Assignment:
Starting at the line that contains "Marche pour la" and stopping after the line that contains "Esta sapatilha de", transcribe the listing below exactly; do not include any pictures.

BEGIN Data

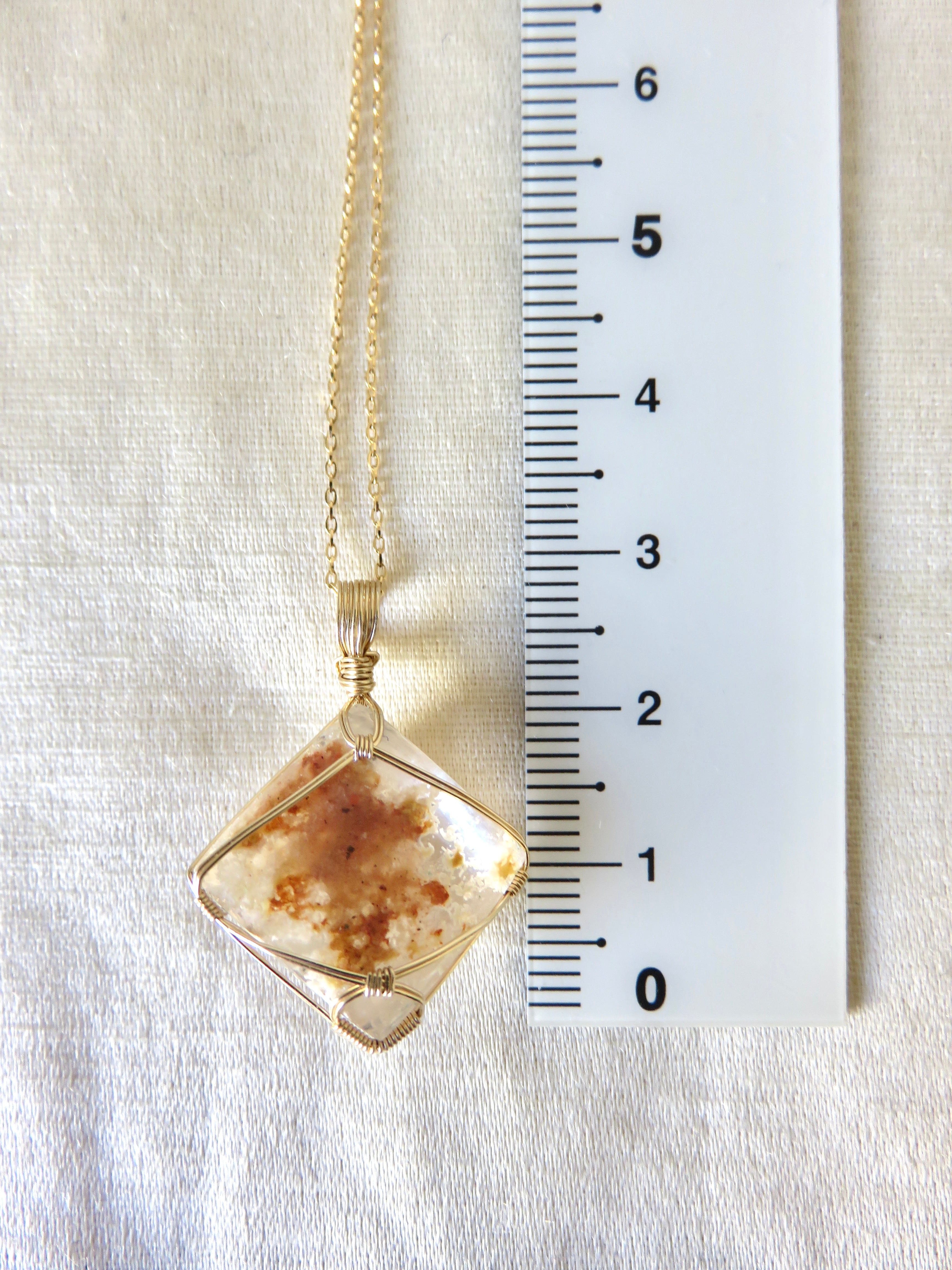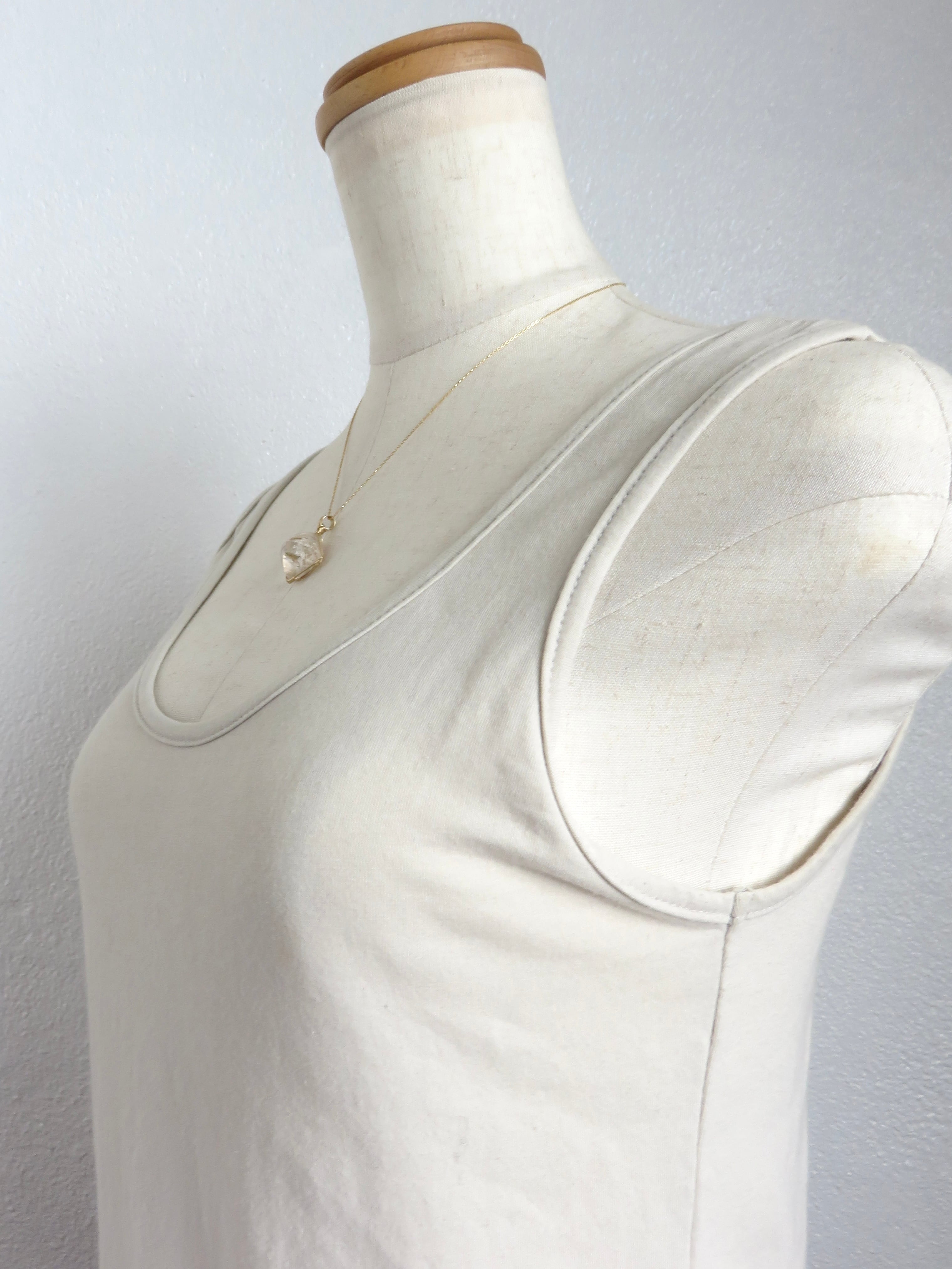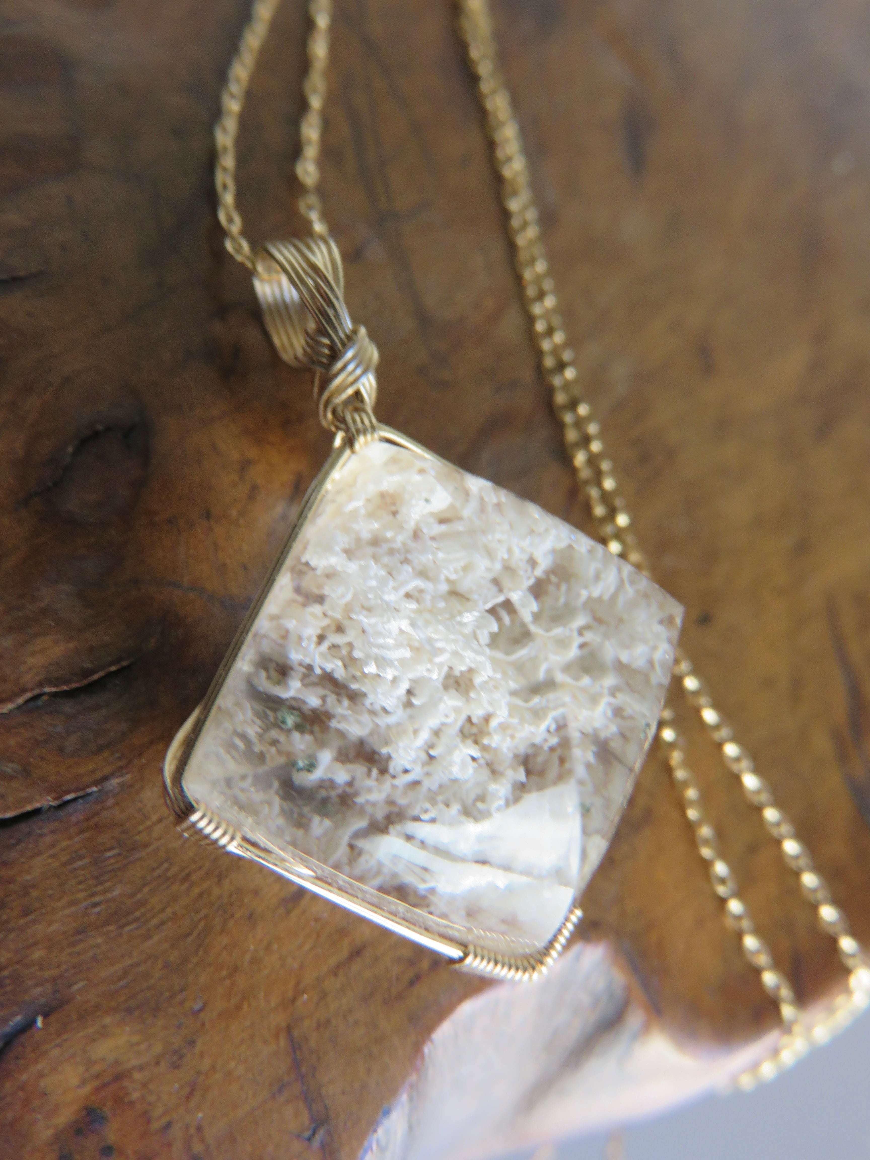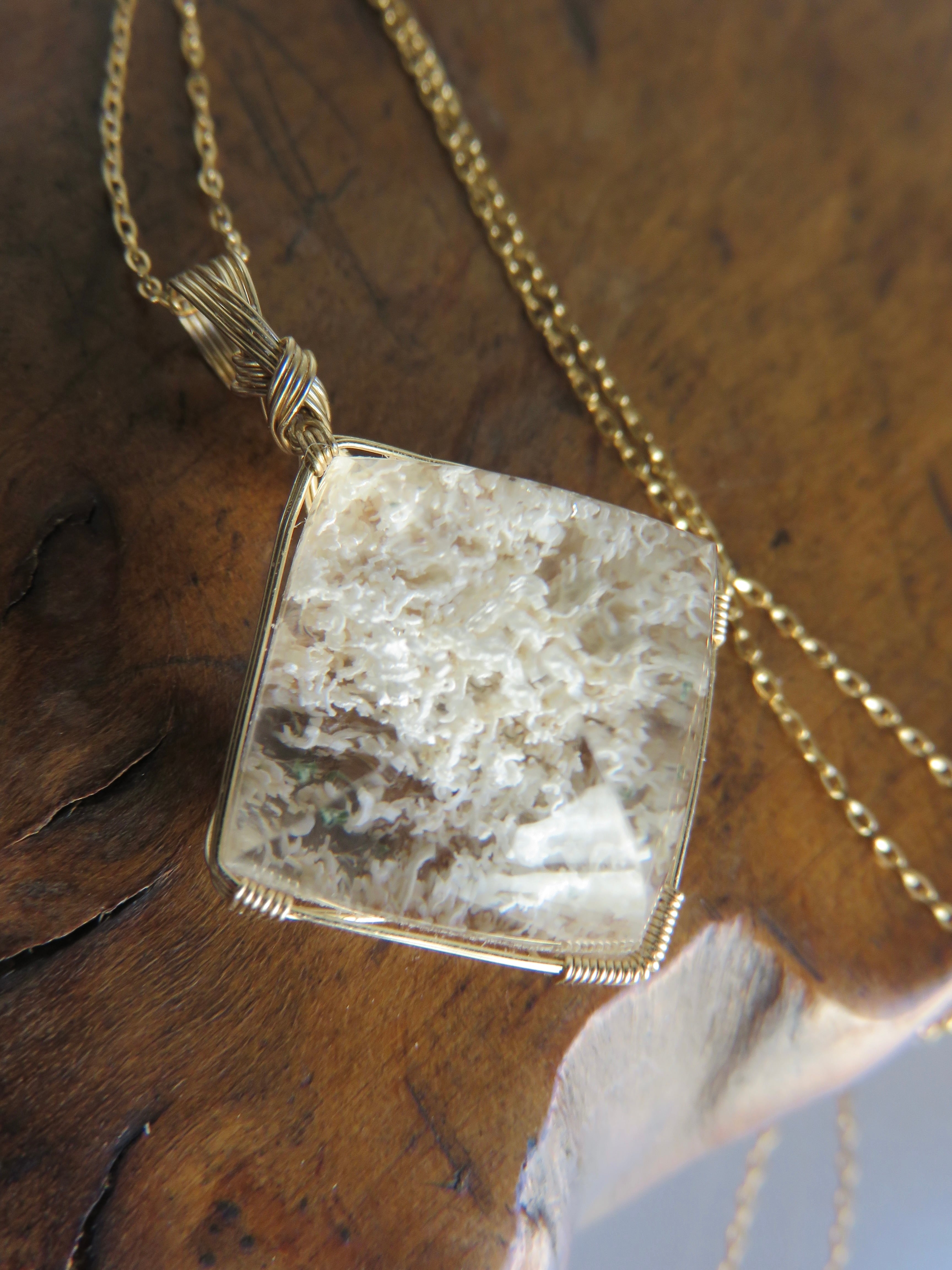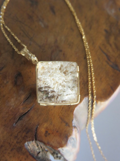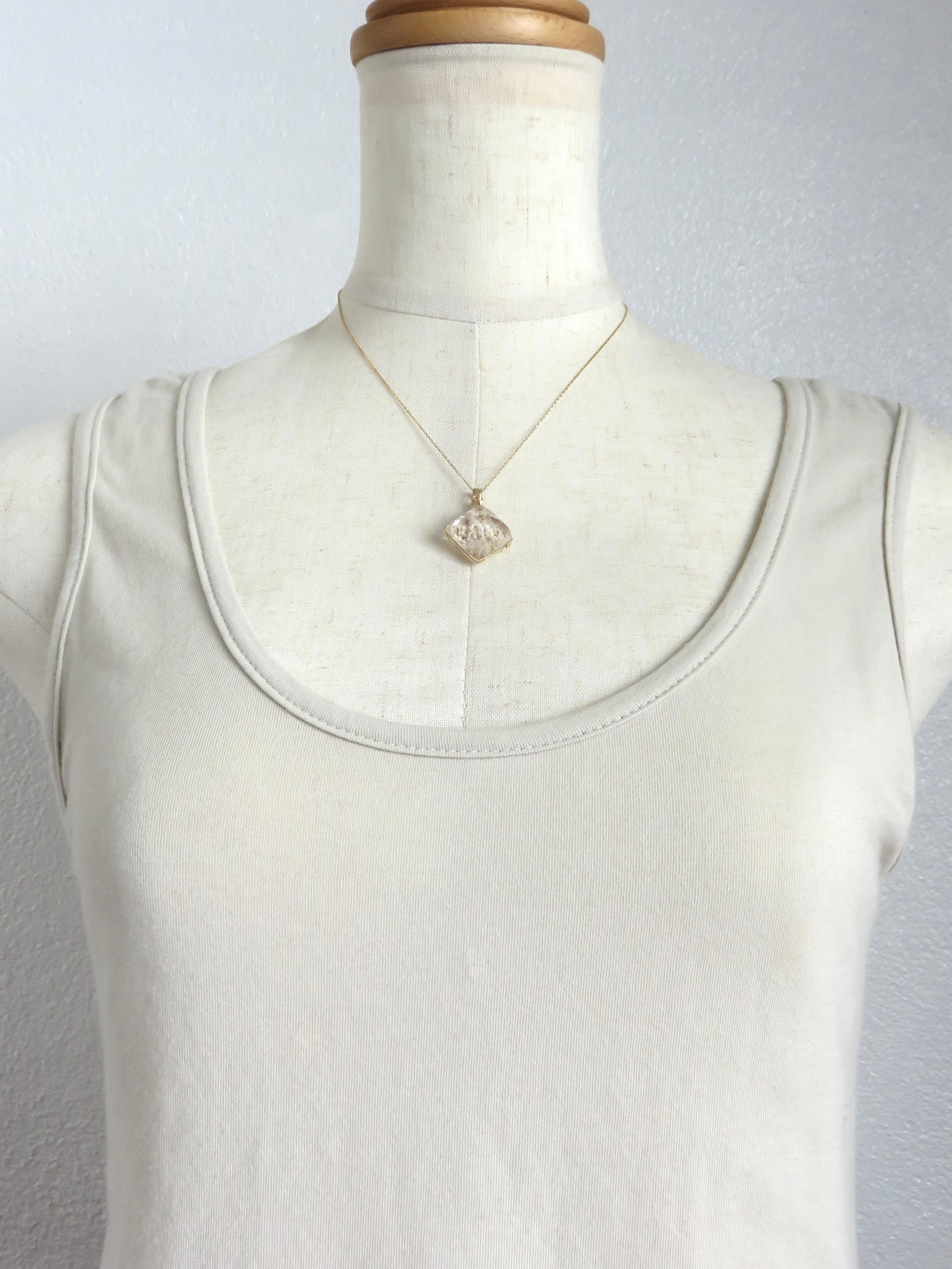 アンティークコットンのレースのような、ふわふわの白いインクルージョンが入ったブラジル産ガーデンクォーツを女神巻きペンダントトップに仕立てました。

END Data
BEGIN Data

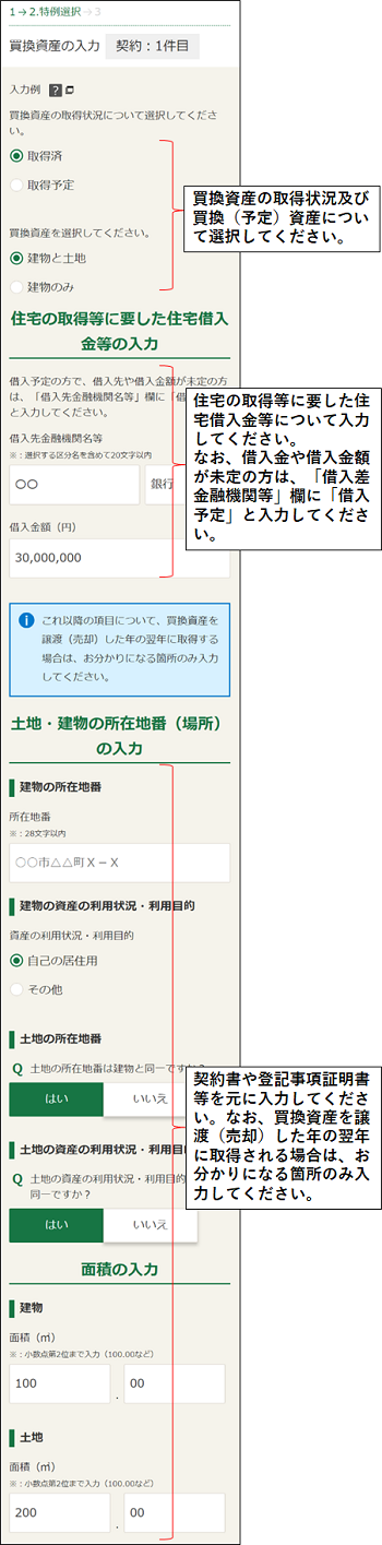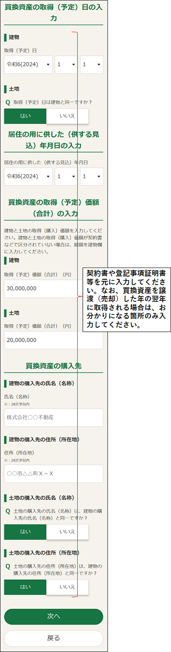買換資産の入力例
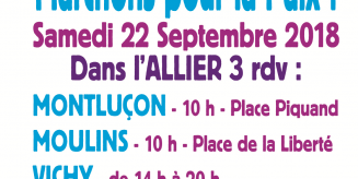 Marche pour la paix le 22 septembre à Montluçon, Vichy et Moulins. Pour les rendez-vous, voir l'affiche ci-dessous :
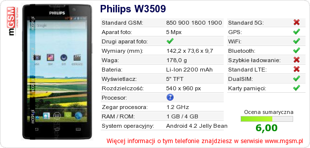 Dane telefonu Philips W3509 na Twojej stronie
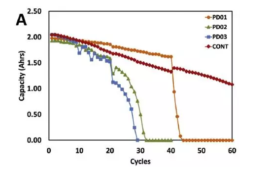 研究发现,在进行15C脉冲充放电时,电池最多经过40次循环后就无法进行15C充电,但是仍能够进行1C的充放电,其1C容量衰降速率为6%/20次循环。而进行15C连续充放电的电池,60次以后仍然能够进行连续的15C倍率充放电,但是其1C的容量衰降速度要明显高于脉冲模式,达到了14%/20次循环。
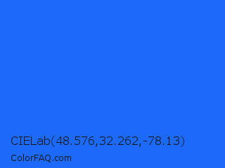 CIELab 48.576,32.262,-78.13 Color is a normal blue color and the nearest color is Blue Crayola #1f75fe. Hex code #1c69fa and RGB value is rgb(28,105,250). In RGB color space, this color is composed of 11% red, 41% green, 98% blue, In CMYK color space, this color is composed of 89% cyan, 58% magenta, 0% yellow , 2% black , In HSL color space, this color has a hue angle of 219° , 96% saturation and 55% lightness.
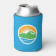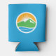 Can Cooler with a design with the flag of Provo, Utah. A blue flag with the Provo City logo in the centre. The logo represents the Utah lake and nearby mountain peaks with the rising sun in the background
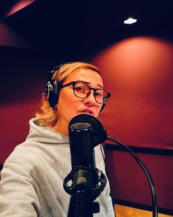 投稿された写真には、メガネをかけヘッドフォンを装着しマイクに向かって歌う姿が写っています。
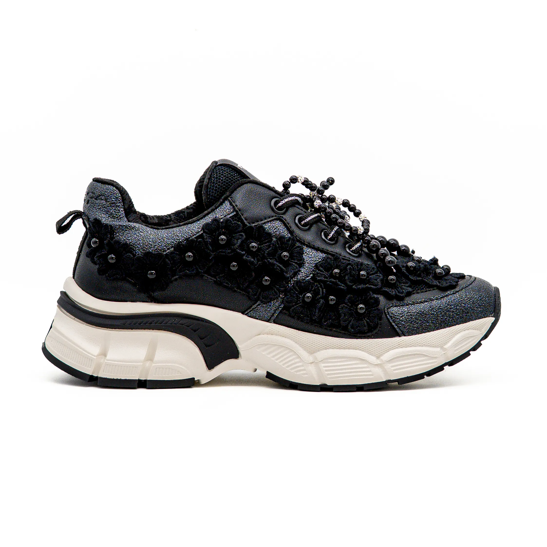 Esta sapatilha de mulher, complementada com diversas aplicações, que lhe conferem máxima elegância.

END Data

Response below:
 Marche pour la paix le 22 septembre à Montluçon, Vichy et Moulins. Pour les rendez-vous, voir l'affiche ci-dessous :
 Dane telefonu Philips W3509 na Twojej stronie
 研究发现,在进行15C脉冲充放电时,电池最多经过40次循环后就无法进行15C充电,但是仍能够进行1C的充放电,其1C容量衰降速率为6%/20次循环。而进行15C连续充放电的电池,60次以后仍然能够进行连续的15C倍率充放电,但是其1C的容量衰降速度要明显高于脉冲模式,达到了14%/20次循环。
 CIELab 48.576,32.262,-78.13 Color is a normal blue color and the nearest color is Blue Crayola #1f75fe. Hex code #1c69fa and RGB value is rgb(28,105,250). In RGB color space, this color is composed of 11% red, 41% green, 98% blue, In CMYK color space, this color is composed of 89% cyan, 58% magenta, 0% yellow , 2% black , In HSL color space, this color has a hue angle of 219° , 96% saturation and 55% lightness.
 Can Cooler with a design with the flag of Provo, Utah. A blue flag with the Provo City logo in the centre. The logo represents the Utah lake and nearby mountain peaks with the rising sun in the background
 投稿された写真には、メガネをかけヘッドフォンを装着しマイクに向かって歌う姿が写っています。
 Esta sapatilha de mulher, complementada com diversas aplicações, que lhe conferem máxima elegância.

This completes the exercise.